Ammesso che vi siano scusanti, quale la linea oltre la quale queste non sono altro che alibi tramandati di padre in figlio al solo fine di permettere una cieca, smodata crescita di cui il senso deve essere obliato?
E quale è il reale valore da creare, nel momento in cui creare non sembra essere più un valore?

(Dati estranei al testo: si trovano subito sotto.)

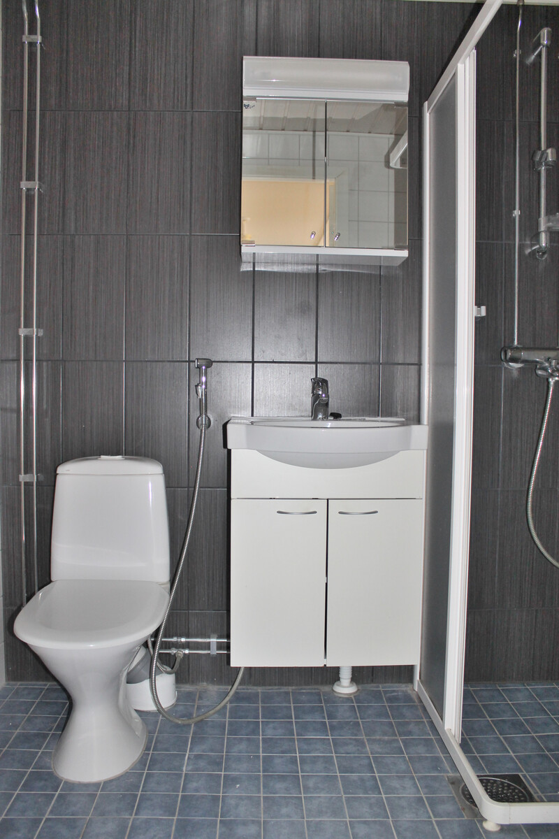 | Kuvaus | Kaakeloidut seinät, laattalattia. Varustus; suihku, suihkuseinät, wc, peili- ja allaskaappi, pesukoneliitäntä. |
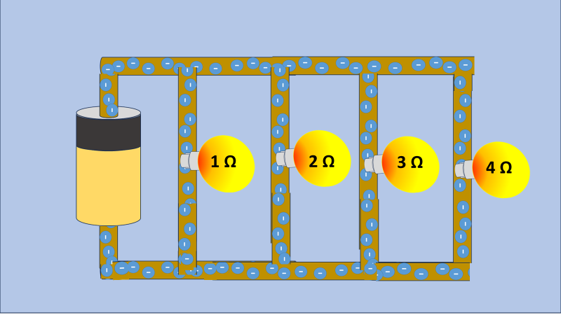 A series circuit is a circuit in which there is only one path for the electric current to flow. In every series circuit there will be a source of voltage (for example: a battery), a conducting material (for example: copper wires), and one or more resistors. A resistor is any component that slows down the current. To keep things simple; we will use lightbulbs for the resistors, wires for conductors, and batteries for a voltage source.

Creatività, Economia, Crescita, Denaro, Capitale.
Lo sciamano apre uno piccolo squarcio nel velo della Realtà, e scorge un frammento di Futuro. Quelle che seguono sono parole che a distanza di cinquanta anni sono tanto attuali quanto visionarie allo stesso tempo, parole di cui tutti noi dovremmo perpetuare il valore.

 

Joseph Beuys, 1970. Fotografia di © Antonia Reeve, National Galleries of Scotland

 

«Il concetto di crescita economica, assieme al concetto di capitale e ciò che ne consegue, non rendono davvero il mondo più produttivo. No. Il concetto di arte deve rimpiazzare il concetto degenerato di capitale: l’arte è il vero capitale e la gente deve prenderne coscienza. Denaro e capitale non possono rappresentare un valore economico; dignità e creatività umana sono il capitale. E di conseguenza dobbiamo sviluppare un’idea di denaro che sostenga la creatività o di arte che sia, per così dire, capitale. L’arte è il capitale. Non è un’utopia; è la realtà. In altre parole, il capitale corrisponde all’arte. Il capitale è la capacità umana e ciò che da essa deriva. Allora, qui sono in gioco solo due organi o due relazioni polari, da cui nasce il prodotto: creatività e intenzione umana. Questi e non altri sono i veri valori economici. Non il denaro. Tuttavia, il nostro concetto di capitale implica l’intromissione di un valore economico che rovina tutto, perché fa dipendere l’economia dal profitto, dallo sfruttamento, ecc. Esiste solo la capacità umana e ciò che ne scaturisce; e questa può sempre essere discussa e analizzata in un dialogo costante tra le persone e condotta verso una produttività sconfinata che costruisca e ricostruisca il mondo; e che in certe circostanze costruisca un intero nuovo universo, anziché distruggerlo. Il sistema attuale non riguarda la crescita; “crescita” è solo il nome che le danno. In effetti, si tratta di un processo di diminuzione e contrazione. Perché la crescita apparente progredisce in realtà come un tumore; si tratta infatti di un processo letale. Per questa ragione non è assolutamente un processo produttivo, né tantomeno si può parlare di crescita. Non c’è crescita; solo proliferazione additiva, cancerosa, di alcuni interessi che la gente non controlla più. Ma noi possiamo controllarli. Dipende da noi. Non sta ai politici; è inutile prendersela con loro. Magari non hanno sempre le migliori intenzioni, ma ce ne sono di veramente motivati. Tuttavia è consentito loro di fare come gli pare, non vengono mai ripresi, né spinti a prendere parte a un dialogo. In altre parole, se le cose vanno male, bisogna accusare solo sé stessi e nessun altro.»

— Joseph Beuys, in “Cos’è l’Arte”, a cura di Volker Harlan.